Use latest as the version_id to invoke the most recent version of the agent.

Multi-Turn Conversation

RAG Agents support multi-turn conversations by passing previous messages in the messages array. The last message must always have role: "user".

Session-Based Memory

RAG agents support optional session-based short-term memory. Add an X-Session-ID header with a consistent UUID to maintain conversation context across multiple invocations. The platform does not auto-generate session IDs — you must generate and manage them yourself (any valid UUID).

{
"messages": [
{
"role": "user",
"content": "What's our vacation policy?"
},
{
"role": "assistant",
"content": "Full-time employees receive 15 vacation days per year..."
},
{
"role": "user",
"content": "How do I request time off?"
}
],
"hxqlQuery": "SELECT * FROM SysContent"
}

Streaming Support

RAG agents support streaming responses through the unified /v1/agents/{agent_id}/versions/{version_id-or-latest}/invoke-stream endpoint:

POST /v1/agents/{agent_id}/versions/{version_id-or-latest}/invoke-stream

Example Request:

{
"messages": [
{
"role": "user",
"content": "What's in our HR policy about vacation days?"
}
],
"hxqlQuery": "SELECT * FROM SysContent",
"enableHallucinationCheck": true,
"enableMultihopQueryRefinement": false
}
tip

When using streaming, responses come in chunks.

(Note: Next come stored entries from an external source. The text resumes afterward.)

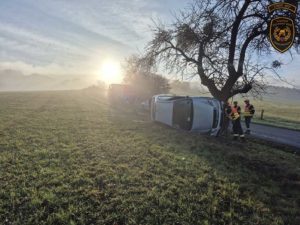 „Po příjezdu na místo velitel zásahu potvrdil nehodu jednoho auta, které sjelo ze silnice a skončilo na boku na okraji pole,“ uvedla tisková mluvčí hasičů Lucie Javoříková. Podle jejích slov řidička z havárie vyvázla bez zranění.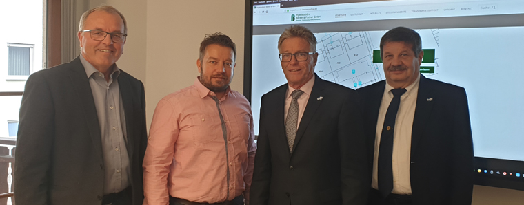 Im Gespräch über notwendige Internetbandbreiten für die Wirtschaft: Firmengründer Horst Becker und Geschäftsführer Carsten Lamm sowie Kreisbeigeordneter Winfried Ottmann und der Leiter des Wirtschafts-Referats im Main-Kinzig-Kreis, Walter Dreßbach.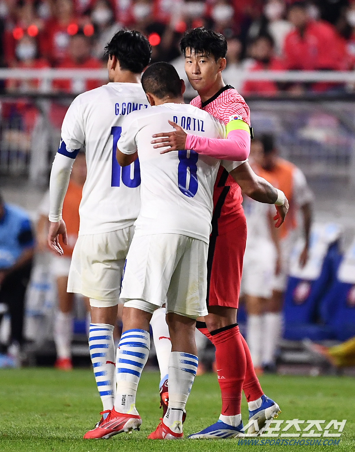 경기 종료 후 대한민국 캡틴 손흥민은 먼저 파라과이 선수들에게 다가가 인사를 건네며 월드클래스다운 면모를 보였다. 박재만 기자 pjm@sportschosun.com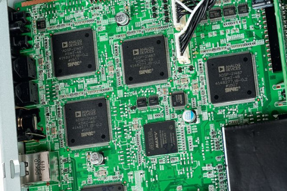 Płytka cyfrowa przypomina ogólnie tę z SR6013 Marantza. Denonie W AVR-X450H0 mamy jednak bardziej okazałą sekcję procesorów DSP, opartą na znakomitych układach Analog Devices SHARC.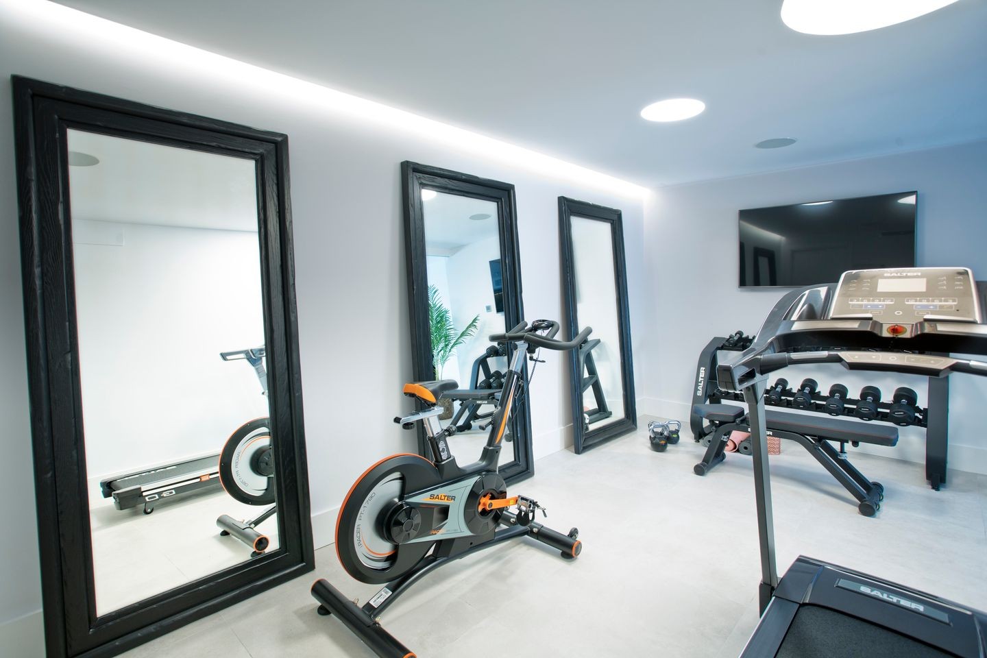The lower floor is designed for entertainment! You have a movie room, gym, bar and temperature-controlled wine cellar. The seating area and fuzzball-game. Thoughtfully designed for every need. On this floor, you also have two more guest suites and garage.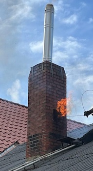 Nicht mit Wasser Löschen, der entstehende Wasserdampf kann den Schornstein beschädigen und die Flammen könnten in das Gebäude übergreifen.
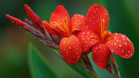Close-up image of two vibrant red canna lilies with water droplets on their petals. The petals are detailed, showing delicate textures. The flowers are in sharp focus against a blurred background of green foliage. The image emphasizes the beauty and freshness of the flowers.

Each chunk is a valid JSON object containing a portion of the complete response. The concatenation of all chunks forms the complete text response, which is not in JSON format.

tip

Due to the nature of streaming, returning data chunk by chunk, failures that occur during runtime are difficult to return to the client. Therefore, the returned status code might be a 200. Please check the logs for errors that occur.

Error Responses

When a request fails, the API returns a JSON error response in the following format:

{
"status": 400,
"error": "HTTPException",
"message": "Description of what went wrong"
}

Common Errors

StatusErrorDescription
400Bad RequestInvalid agent configuration (e.g., missing hxqlQuery at both config and invocation level) or invalid invocation parameters.
401UnauthorizedMissing or expired access token. Re-authenticate to obtain a new token.
403ForbiddenInsufficient permissions for the requested operation. Verify your IAM user group permissions.
404Not FoundAgent ID or version does not exist. Use GET /v1/agents to verify available agents.